L’Istituto Nazionale della Previdenza Sociale (Inps) ha fornito le istruzioni operative sulle modifiche normative che interessano l’Assegno di inclusione (Adi), eliminando la tradizionale sospensione di un mese che seguiva i primi diciotto mesi di erogazione del beneficio.
La decisione deriva dalle nuove disposizioni introdotte nella legge di Bilancio 2026, che ridefinisce l’iter per chi intende rinnovare l’Adi senza interrompere i pagamenti. Secondo quanto specificato dall’Inps nel messaggio ufficiale, non è più previsto il periodo di sospensione tra il primo ciclo di 18 mensilità e l’eventuale rinnovo.
Cosa cambia per i beneficiari dell’Assegno di inclusione
Fino ad oggi, la normativa richiedeva un mese di pausa – dopo i primi 18 mesi di fruizione – prima di poter avviare una nuova domanda di rinnovo dell’Assegno di inclusione. Tale sospensione veniva applicata anche tra cicli successivi di erogazione.
Con la modifica normativa, l’Inps elimina questa pausa obbligatoria, consentendo ai nuclei familiari di presentare la richiesta di rinnovo del beneficio già dal mese successivo all’ultimo pagamento percepito. L’obiettivo è agevolare la continuità di sostegno economico per le famiglie più vulnerabili.

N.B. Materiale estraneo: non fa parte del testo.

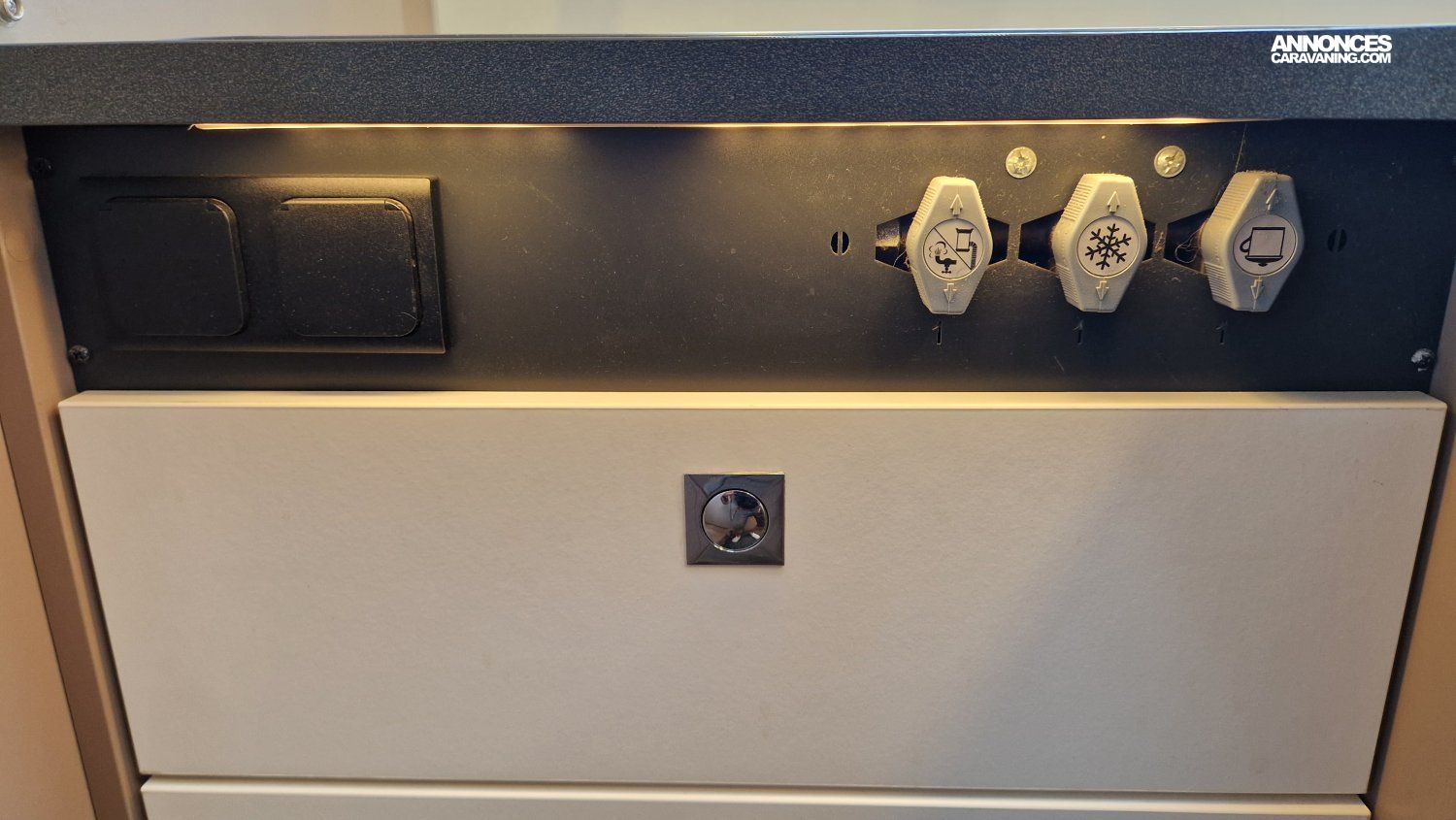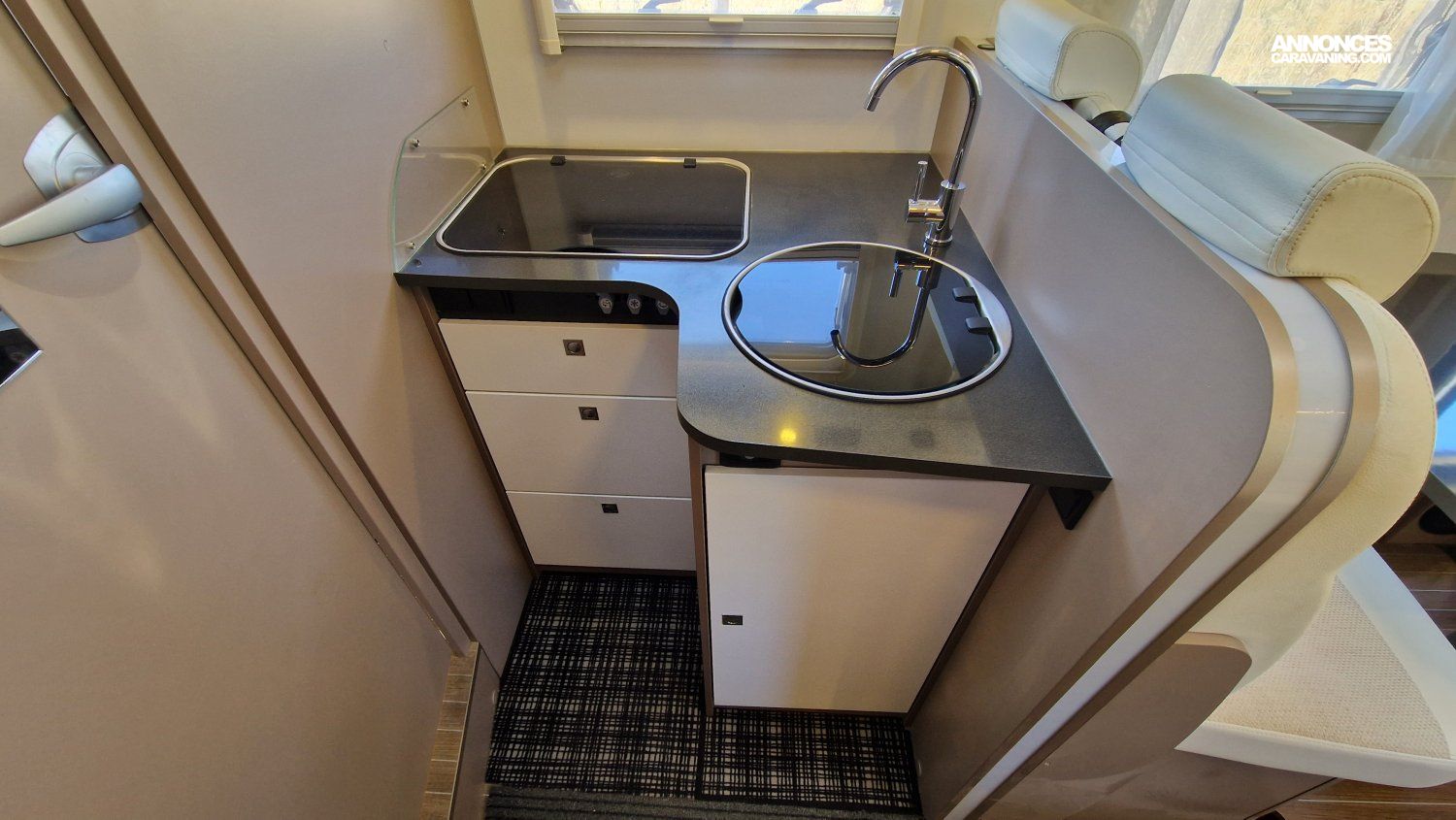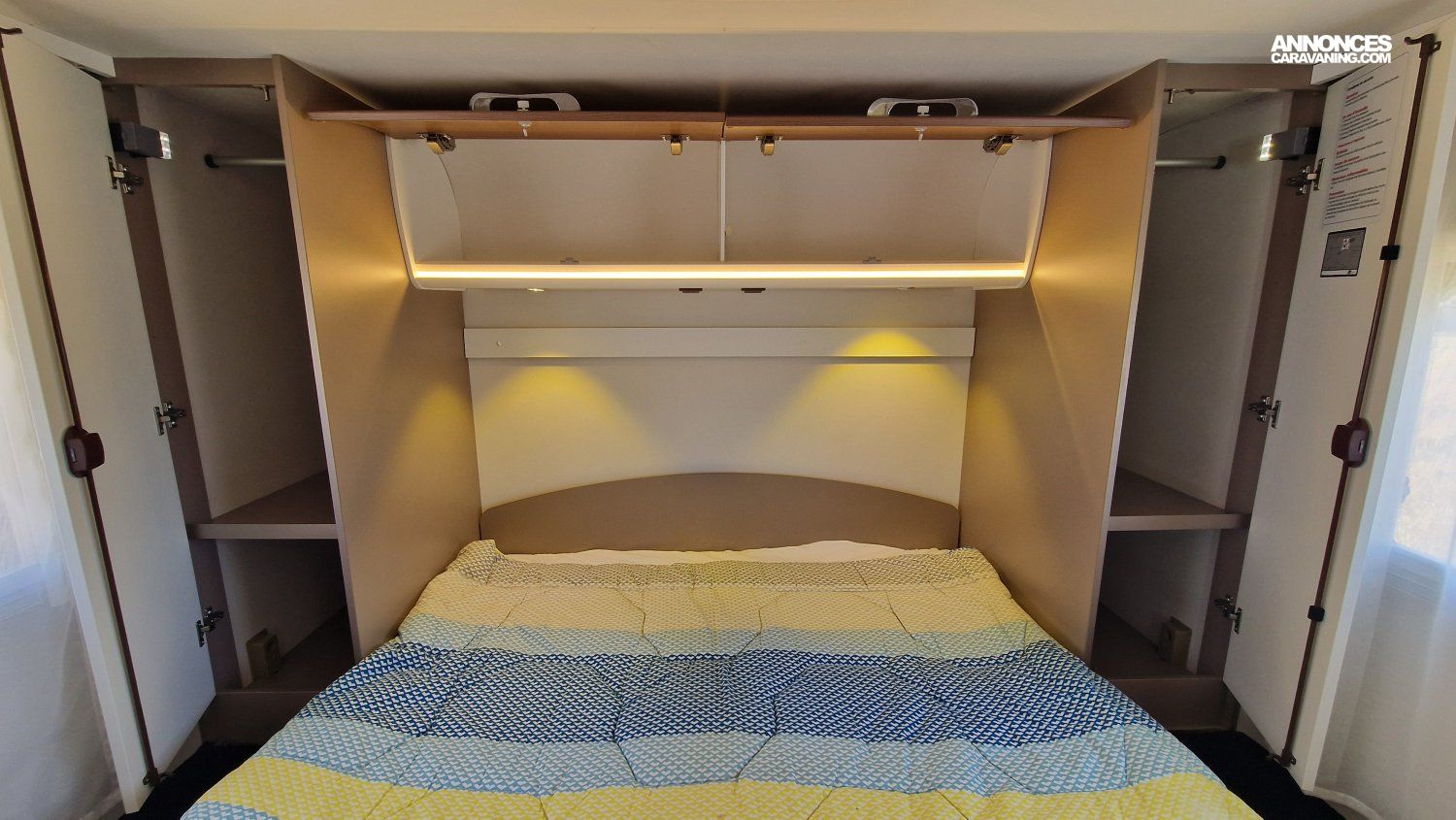 CHAUFFAGE COMBI TRUMA 6, STORE EXTERIEUR 4M, GAZINIERE 3 FEUX, CUISINE EN L, DOUCHE ET WC SEPARES, ECLAIRAGE LED, RAFRAICHISSEUR D' AIR, REFRIGERATEUR TRI MIX, STORES PLISSES DE CABINE, MARCHEPIED INTÉGRÉ

Riduzione della prima mensilità del rinnovo
Pur eliminando la sospensione, l’Inps specifica che la prima mensilità del periodo di rinnovo dell’adi sarà ridotta del 50% rispetto alle mensilità ordinarie. Si tratta di un adeguamento previsto dalla legge finanziaria e finalizzato a bilanciare l’impatto finanziario delle nuove regole sul bilancio pubblico.
Questa riduzione si applica alla prima mensilità erogata subito dopo il rinnovo senza stop, e rappresenta il principale elemento che i beneficiari dovranno considerare quando pianificheranno il loro percorso di continuità del sostegno economico.
Ambito di applicazione delle nuove regole
Le istruzioni Inps si applicano a tutte le domande di rinnovo Adi i cui 18 mesi di percezione del beneficio siano caduti nel mese di novembre 2025 o successivamente. Inoltre, la disciplina relativa al contributo straordinario – un’altra forma di sostegno collegata all’Adi – è stata estesa ai casi interessati da questa modifica normativa.
Le nuove regole puntano a snellire l’accesso al rinnovo dell’Assegno di inclusione, accelerando i tempi e semplificando l’iter per le famiglie che necessitano della prosecuzione del sostegno.